Ja maar jij laat weer een heleboel weg he, uit het artikel
Plug heeft nog maar sinds kort een float van meer dan 75 miljoen dollar.
Dus dat ze al lang bestaan, is niet relevant. Pas bij meer dan 75m wordt je een accelerated filer.
Je bent een kwakzalver, Ridder.
Hier is de rest van het artikel:
It's worth noting that designated emerging growth companies (EGCs) created under the JOBS Act are exempt from Section 404(b) so long as they maintain EGC status, which among other requirements, allows for a public float up to the $700 million threshold for "large accelerated filer" status. All other public companies are subject to the Section 404(b) requirement when they become accelerated filers after reaching a public float of $75 million.
Implications for Investors
The purpose of the auditor's report on ICFR is to provide a higher level of assurance that a company's financial reports are reliable. From a practical perspective, the additional requirement pushes management to take a closer look at its internal processes to mitigate the risk of errors and fraud.
In the Plug Power example, the company announced on March 30, 2015--less than two weeks after missing its new accelerated filer deadline--that it had replaced its long-time chief accounting officer (CAO). Although Plug Power's external auditors reported no material weaknesses in the company's ICFR, the personnel change suggests that the additional scrutiny over the company's internal processes may have revealed some areas for improvement.
For a company like Plug Power that has a complex--and perhaps unique--product and service delivery model and immense pressure to become profitable, revenue recognition practices present a substantial risk under normal circumstances.
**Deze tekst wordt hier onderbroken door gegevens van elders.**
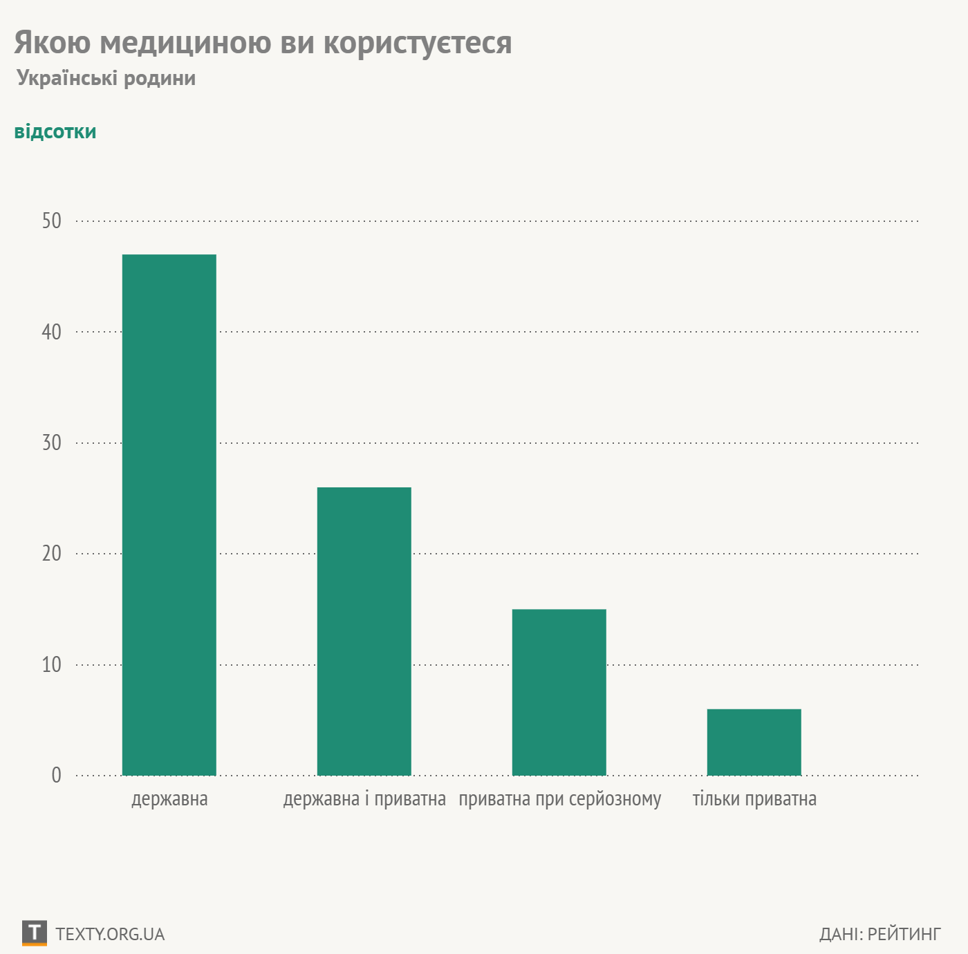 За результатами опитування, проведеного Соціологічною групою «Рейтинг» у жовтні 2016 року, 47% опитаних заявили, що користуються лише послугами державних медичних установ. 26% сказали, що окрім послуг державних медичних установ звертаються за умови наявності додаткових коштів в сім’ї до приватної медицини. 15% заявили, що поруч із державними послугами звертаються до приватних закладів у випадку серйозної хвороби в сім’ї. Лише 6% надають перевагу переважно приватним медичним установам перед державними.
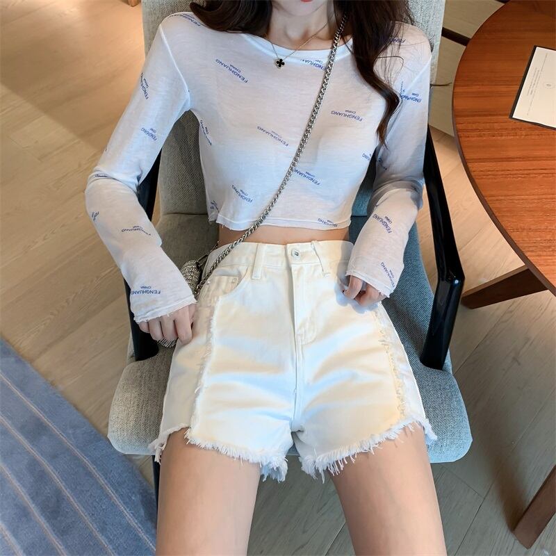 ジーンズ サマーハイウェストルーズホワイトショーツ 夏物 ブルマー YY-ファッション5890953350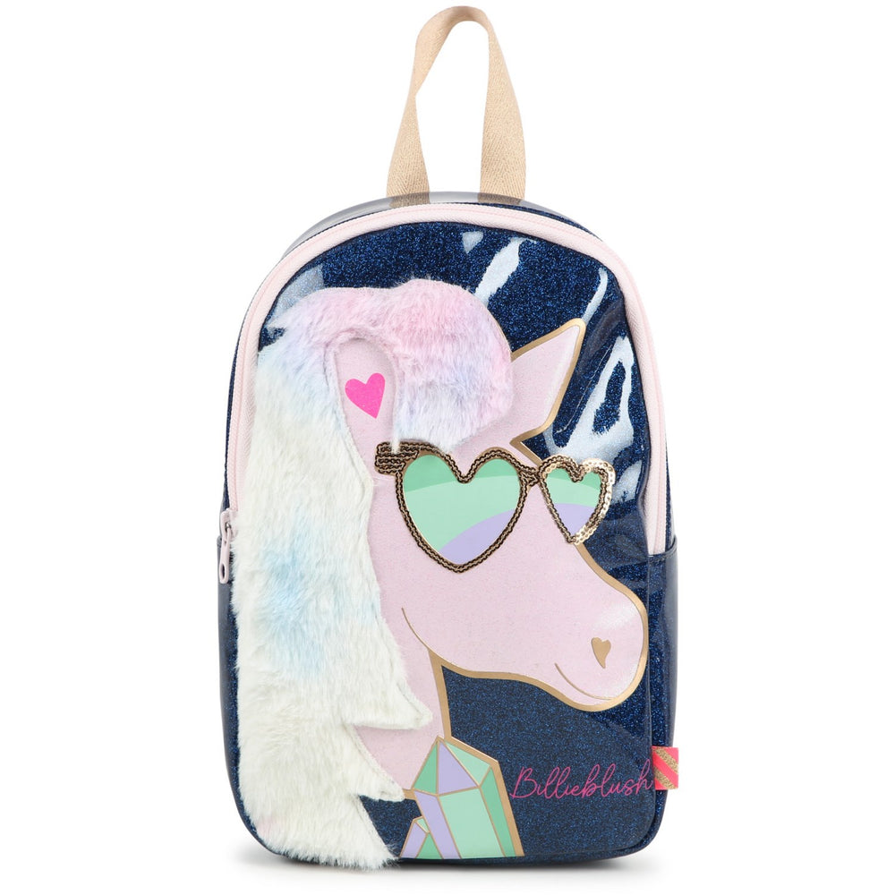 Upptäck vår charmiga Billieblush Navy ryggsäck, perfekt för ditt barns äventyr! Den här lilla ryggsäcken är tillverkad av glitterbelagt tyg med färgglada fuskpälsremmar och en glittrande "Pegaze"-illustration i paljetter och applicerad fuskpäls som ger en lekfull touch. Guldfärgade remmar och en säker dragkedja garanterar både stil och säkerhet. Ryggsäckens inre är fodrat med polyester vilket gör den hållbar och lätt att rengöra. Med sina kompakta mått (27x18x10 cm) och en praktisk randig vävd flik på sidan är den enkel för ditt barn att hantera och organisera sina tillhörigheter. Idealisk för skola, utflykter eller varje dag full av fantasi och lek. Material: 100 % polyvinylkloridbeläggning, 100 % polyester - kantning: 100 % polyester - foder: 100 % polyester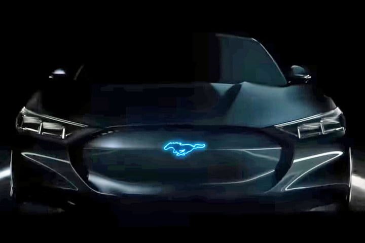 El anuncio muestra brevemente las imágenes de un Mustang 2019 que recorre una desértica carretera y luego una animación de su motor V8 de 5.0 litros en acción. La siguiente escena presenta un modelo inédito. Parece un Mustang, pero en vez de rejilla tiene un panel del color de la carrocería con un emblema luminoso.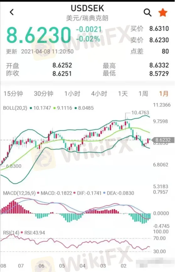 圖為 USD/SEK 月曲線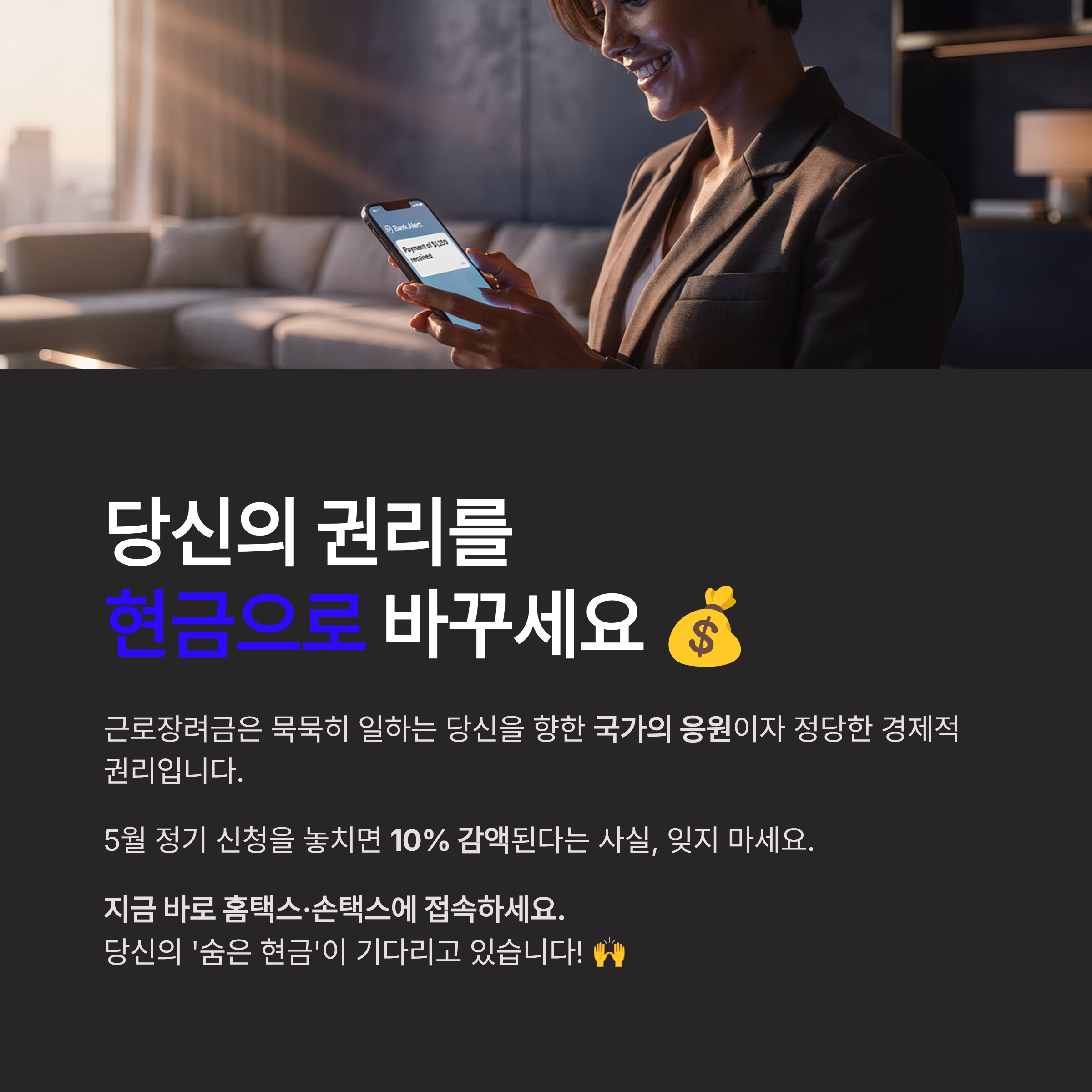 근로장려금은 단순 복지금이 아니라, 성실히 일하는 사람에게 주어지는 경제적 권리에 가깝습니다. 신청 기간을 놓치면 10% 감액될 수 있으니, 지금 바로 확인해보세요.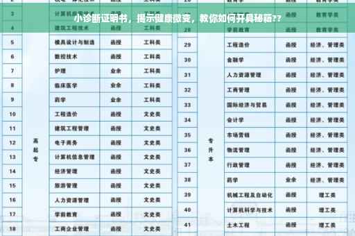 在日常的生活中,我们时常会遇到身体不适的情况,有时候这些小小的症状可能是身体某些潜在问题的预兆,本文将为您解读一份小诊断证明书的重要性,帮助您了解如何正确识别身体的不适症状,以及如何通过科学的方法预防和治疗潜在的健康问题,让我们一起揭开健康微变的秘密吧!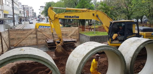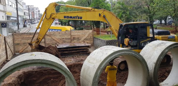 A construção da estação elevatória na Praça Henrique Lage, em Lauro Müller, chama atenção de quem passa pelo local. As obras iniciaram no local nesta quinta-feira (4). Quando entrar em funcionamento, a estação recebará por gravidade todo o esgoto dos bairros Centro, Santa Bárbara e Cairu.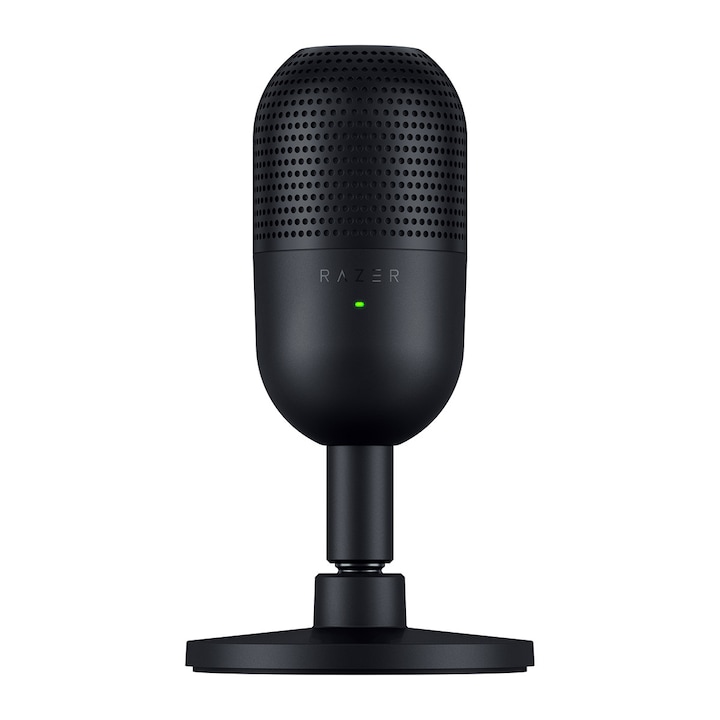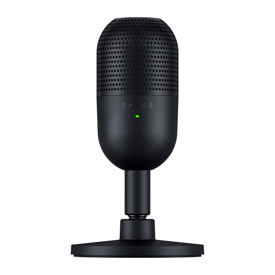 El micrófono gaming Razer Seiren V3 Mini es un dispositivo ultracompacto diseñado para la captura de voz de alta calidad. Este micrófono de condensador presenta un patrón de captación supercardioide, lo que permite un enfoque preciso en la voz y reduce el ruido ambiental. La cápsula de 14 mm ofrece una sensibilidad de -36 dB y una frecuencia de respuesta que abarca desde 20 Hz hasta 20 kHz, asegurando una reproducción clara y detallada de la voz. Incluye un sensor de pulsación para silenciar, acompañado de un indicador LED. Cuenta con un amortecedor de vibraciones integrado que minimiza los ruidos causados por golpes accidentales. Su diseño plug and play permite una conexión rápida y sencilla mediante un cable USB tipo A a tipo C, sin necesidad de instalar software adicional. Es compatible con plataformas como Discord, OBS Studio y XSplit, y se puede personalizar a través de Razer Synapse, donde se pueden ajustar parámetros como la iluminación y las tasas de bits. La cápsula del micrófono es desmontable del pedestal y puede ser montada en un brazo boom.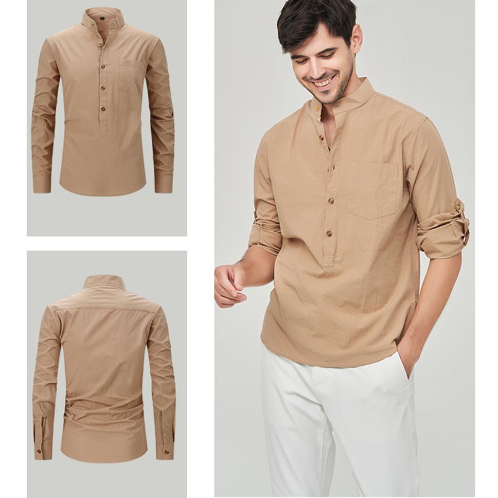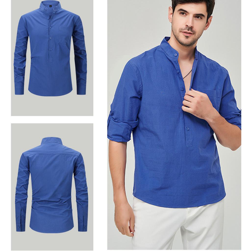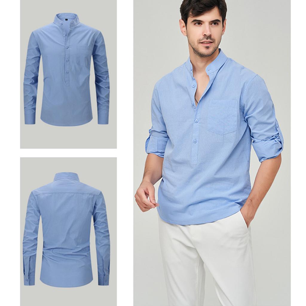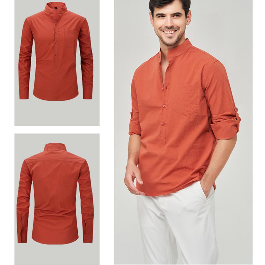 Мужская модная рубашка с воротником-стойкой, однотонная, повседневная, с длинными рукавами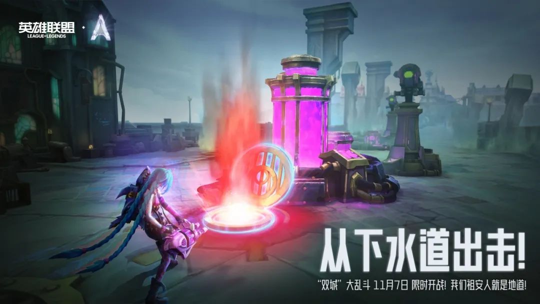 新的大亂鬥地圖,完整地將雙城之戰的敍事背景搬到了《英雄聯盟》當中。雙方不再是沒有任何背景的紅藍方,而是分別代表皮城和祖安:兩頭也有不同的解説員和店主供玩家購買裝備,兩邊的地圖美術風格和環境敍事都截然不同,例如祖安一方抵達戰場中央走的就是下水道,草叢也變成了更符合雙城背景的通風口煙霧。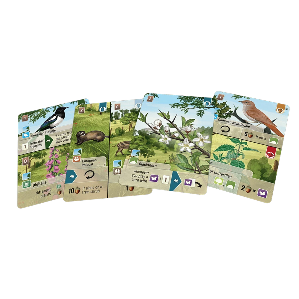 Lookout Games Forest Shuffle: Woodland Edge Expansion Immerse yourself in the serene beauty of nature with Forest Shuffle: Woodland Edge. This expansion set for the beloved Forest Shuffle game introduces new flora and fauna, enhancing your strategic play with lush edge-of-the-forest habitats. Encounter diverse wildlife, discover hidden pathways, and manage your woodland resources to thrive. With stunning artwork and engaging mechanics, Woodland Edge brings the enchanting forest environment to life, making every game session a captivating journey. Perfect for nature lovers and strategy enthusiasts alike, Forest Shuffle: Woodland Edge offers endless possibilities for exploration and adventure. EXPAND YOUR FOREST SHUFFLE EXPERIENCE: Introduce 36 new multifunctional cards to your Forest Shuffle game, adding incredible diversity and fresh strategies to explore. DISCOVER THE ALPS: Venture into the Alpine region with this expansion, bringing new species and two additional tree types to enrich your gameplay. ADDITIONAL TACTICAL DEPTH: Some cards introduce exciting twists to the base game's rules, offering more strategic options and challenges to your forest-building endeavors. PERFECT FOR STRATEGY LOVERS: Designed by Kosch, this expansion enhances the tactical aspects of Forest Shuffle, making it even more engaging for players seeking a thoughtful and strategic card game. SEAMLESS INTEGRATION WITH BASE GAME: Easily shuffle the new cards into your existing Forest Shuffle game for an even more varied and immersive gaming experience. Contains: 36 new multifunctional cards

But due to a completely new revenue recognition standard recently released by the Financial Accounting Standards Board (FASB), circumstances surrounding the financial reporting process are anything but normal for Plug Power and all other companies reporting under US GAAP.
The new FASB mandate requires companies to completely reevaluate the way they recognize revenue and disclose the effects of applying the new standard. This process will place companies' current and past revenue recognition practices under a microscope. The new standard is currently scheduled to take effect in 2017 (for reporting periods beginning after Dec. 15, 2016), for all US public companies. The 2017 deadline may not seem very close, but the standard requires companies to look back two years--to 2015--and retrospectively apply the new revenue recognition model (or use an alternate method that looks back on a contract-by-contract basis).
For a company like Plug Power that has just graduated to a new level of auditor scrutiny on its ICFR and installed a new CAO, implementation of the new revenue recognition standard further increases the risk that errors or fraud could be detected and require the company to restate financial reports from prior periods. On a forward-looking basis, however, investors should have greater confidence in Plug Power's reported results.